Tim Ashley 

New London Consort

Queen Elizabeth Hall, London
  
  


Theatre of Musicke is the title of the New London Consort's current series of concerts, the aim of which is to remind us that some of the finest music ever written for the stage was composed in England during the late 17th and early 18th centuries. This is, of course, a tricky period in musical history, largely because we have lost sight of many of the theatrical forms with which composers worked.

Opera, dominated by Handel, was - and in some respects still is - a posh import, as far as the UK was concerned. The principal genres during the Restoration were the masque and the hybrid mixture of speech and song, hideously dubbed "the semi-opera" of which Purcell was the greatest exponent.

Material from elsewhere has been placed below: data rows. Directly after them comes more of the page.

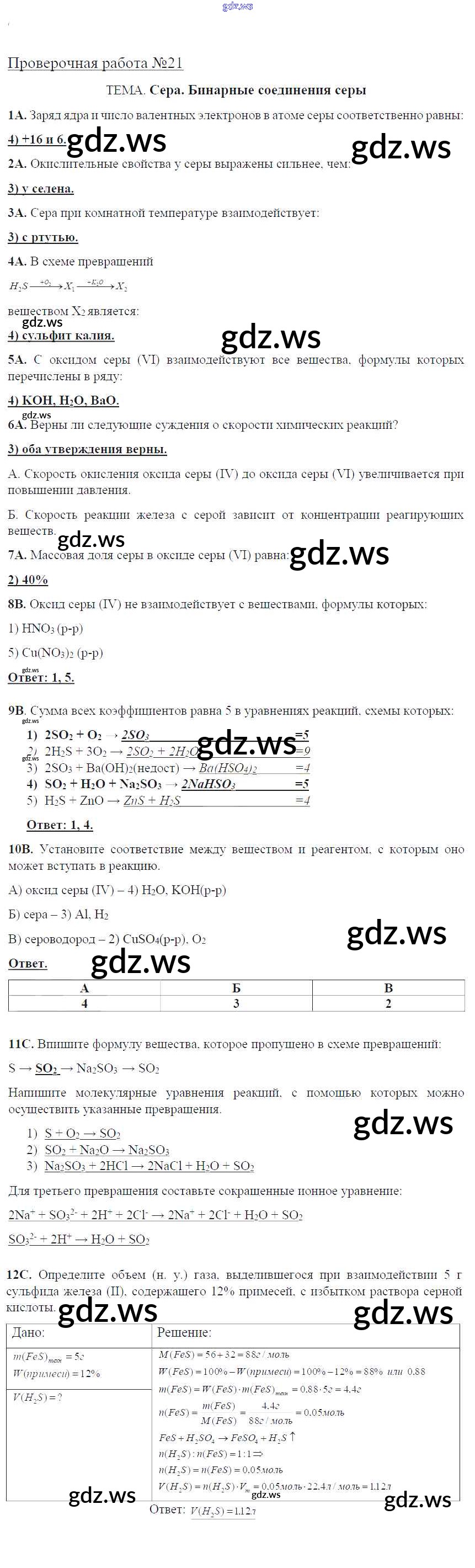 проверочная работа / пр-21. Сера. Бинарные соединения серы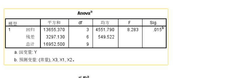 F的值是F检验的结果,他对应的P就是表格中的sig具有重要意义,表格中p=0.015<0.05表明支持原假设,也就是说线性回归方程显著,F检验就是判断回归方程是否显著的。对应的下面的T检验就是判断回归方程的各个变量是否显著的。(就是各个变量的重要程度)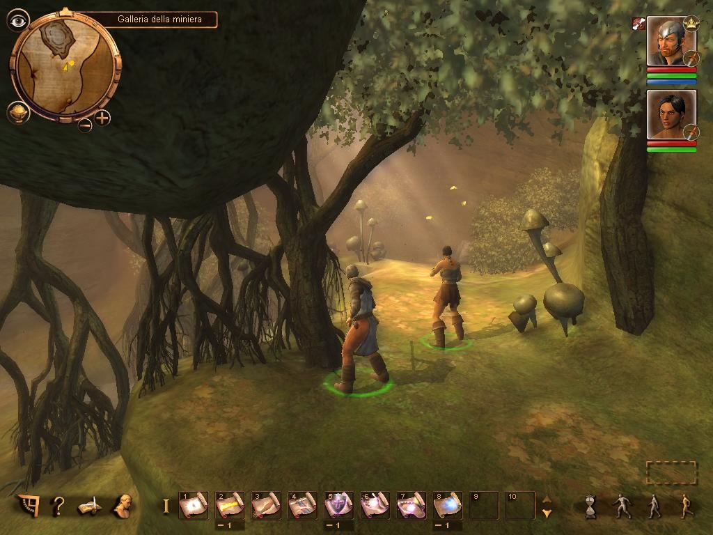 Il sistema di controllo dell'opera distribuita da FX Interactive, vanta due opzioni : è possibile scegliere di demandare l'intero asse dei movimenti e dei combattimenti al mouse, oppure coordinare gli spostamenti attraverso la nostra fida tastiera, lasciando al topo l'interazione con l'ambiente e la gestione della visuale. Quest'ultimo aspetto è sicuramente il meno riuscito della produzione : se è vero che è possibile “zoomare” sul personaggio fino a rendere Drakensang quasi un gioco in terza persona, è altrettanto vero che la telecamera, non essendo perfettamente centrata e senza possibilità alcuna di controllo da parte dell'utente, tende fin troppo spesso ad incastrarsi nello scenario, con l'ovvio risultato che non sempre saremo in grado di seguire correttamente l'azione...cosa,questa, che risulterà particolarmente scocciante, specialmente quando ci troveremo impegnati in un combattimento.
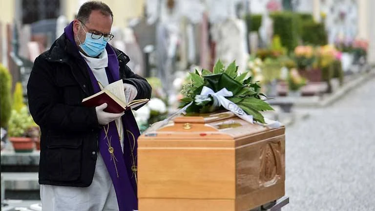 Một linh mục mang khẩu trang cầu nguyện cho một người vừa qua đời ở một lễ tang tại nghĩa trang TP Bolgare, vùng Lombardy (Ý). Ảnh: AFP
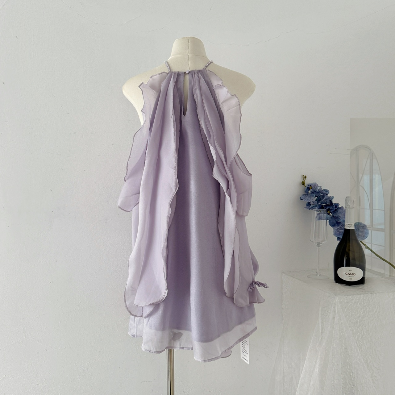 Youni LAOSHU “Princess Diary” Purple Halter Neck Dress with Three-Dimensional Flowers, Off-Shoulder, Elegant Short Dress for Women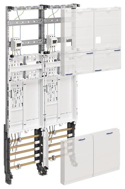 Complete panel, universal Z, 2 meter spaces, BKE-I, main switch, H=1050mm2-panel. Meter cabinet solution cabinet housing according to DIN VDE 0603/1, dimension standard DIN 43 870 for surface-mounted, flush-mounted or partially recessed installation. Consists of a cabinet with door made of powder-coated, baked-in, stably profiled 1mm thick sheet steel. Interior lining made entirely of plastic. Cable entries at the top and bottom through built-in plastic flange plates. Rear pre-punching in the plastic part. Busbar bushings as flanges on both sides that can be opened without tools in the lower area as a way of connecting busbars between different cabinets or in conjunction with a cable junction box and connection set. In addition to the bushing in the NAR, there are also openings in the area of the AAR (for heights of 1100 and 1400 mm) and RfZ (for heights of 1100mm). Door flush with the front with internal, adjustable hinges, can be opened on the right or left with an opening angle of 110°. Door lock with cam lock. Door lock can be replaced with other locks. Cabinets can be flanged next to each other or one above the other. Cabinet size 1 to 5 fields with 72 to 540 space units (PLE). Note: The main line must be inserted into the lower connection compartment of the meter cabinet from below or from the side and connected there in accordance with VDE-AR-N 4100:2019-04. Height: __ mm (1100mm or 1400mm) Width: __ mm Depth: 205 / 160 mm, RAL color: 9010 Protection type 44, protection class II Nominal current of the busbar system 250 A Design in accordance with VDE-AR-N 4100:2019-04 Meter system for __ meter space(s). According to the technical connection conditions (TAB) of the VNB __ for: __ Electronic household meters (eHZ) or __ meters with 3-point fastening (3HZ). __ for supply systems with normal household consumption max. 63 A (10mm²) according to DIN 18015-1 (__ apartments, __ general, __ reserve, __ heat pump) __ for continuous current applications max. 32 A (10 mm²) according to VDE-AR-N 4100:2019-04 (e.g. PV up to 22 KW) __ for continuous current applications max. 44 A (16 mm²) according to VDE-AR-N 4100:2019-04 (e.g. PV up to 30 KW) __ for meter locations with more than 63 A in intermittent operation or 44 A in continuous operation (transformer measurement) Nominal current _ A, nominal power _ kW __ Tariff ripple control receiver as three-point version alternatively __ Tariff ripple control receiver as top-hat rail version __ Distribution panel (__ PLE), with/without busbars for feeding in __ Distribution panel (__ PLE) with APZ room according to VDE-AR-N 4100:2019-04, with/without busbars for feed-in __ Communication panel, 1- or 2-panel __ Communication panel with APZ room according to VDE-AR-N 4100:2019-04, with/without busbars for feed-in __ SLS switch Hager HTS3xxE in __ A.. Voltage tap for power supply additional devices according to VDE-AR-N 4100:2019-04: __ before the SLS with fuse box pluggable 25 kA __ before the SLS with LS switch 10 A / 25 kA __ behind the SLS with fuse box pluggable 25 kA. Surge protection with combination arrester type 1/2/3 for busbar mounting in the UAR.To comply with the requirements of DIN VDE 0100-443 and -534: ___for TNS/TT network, without external lightning protection, back-up fuse in the HAK - 160 A ___for TNC network, without external lightning protection, back-up fuse in the HAK - 160 A ___for TNS/TT network, with external lightning protection, back-up fuse in the HAK - 160 A ___for TNC network, with external lightning protection, back-up fuse in the HAK - 160 A ___for TNS/TT network, with external lightning protection, back-up fuse in the HAK - 315 A ___for TNC network, with external lightning protection, back-up fuse in the HAK - 315 A Fuse for cellar, washing machine, dryer (if TAB / DIN compliant) per WE (max. 6 PLE) __ pieces of FI/LS switch 10 kA, 16 A, 30 mA (ADA516D). General distribution panel equipped with: __ pcs. LS switch 6 kA, 16 A (MBS116) __ pcs. FI/LS switch 6 kA, 16 A, 30 mA (ADS916D) __ pcs. RCD type 40 A 4-pole, 30 mA (CDS440D). Consisting of: __ pcs. ZB__S, meter cabinet __ pcs. ZK__ Complete panel for __ meters __ selected make/type: HAGER/univers Z or equivalent, supply, assemble and connect ready for use.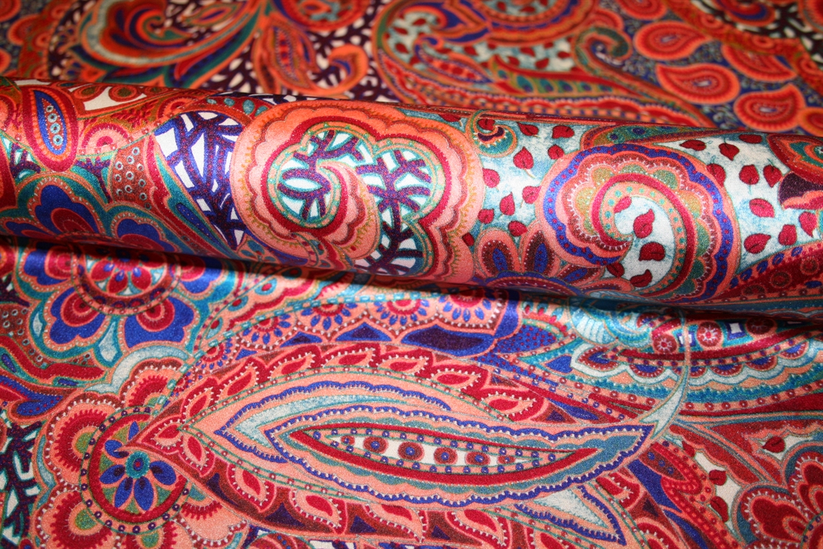 Blød silkesatin med et smukt fald, tværstræk og paisley print i varme nuancer. Stoffet er produceret for Etro.

The texts included the now notorious Shakespearian rewrites by people such as Dryden that are now consigned to the shelves of academia. The Consort's founder-director, Philip Pickett, argues that such forms were the precursors of Gilbert and Sullivan and the Broadway musical. In this case, however, the tragedy is that in consigning the theatrical forms to oblivion, we have have also forgotten much of the music.

And what music some of it is. Soprano Julia Gooding and bass-baritone Michael George did wonders with a chunk of John Blow's deliriously suggestive Venus and Adonis, and celebrated the "pleasures divine in love and wine" to be found in Purcell's incidental music for Thomas Shadwell's rewrite of Timon of Athens. The same score, along with Purcell's The Indian Queen, provided some spectacular solos for trumpeter Mark Bennett. George also fulsomely evoked "wild Lapland's gothic night", which Thomas Linley associated with Macbeth's witches. Pickett, meanwhile, played his recorder beautifully and presided over the evening like a benevolent god. Glorious stuff, every second of it. And the New London Consort, mercifully, is going to provide us with the opportunity to hear more.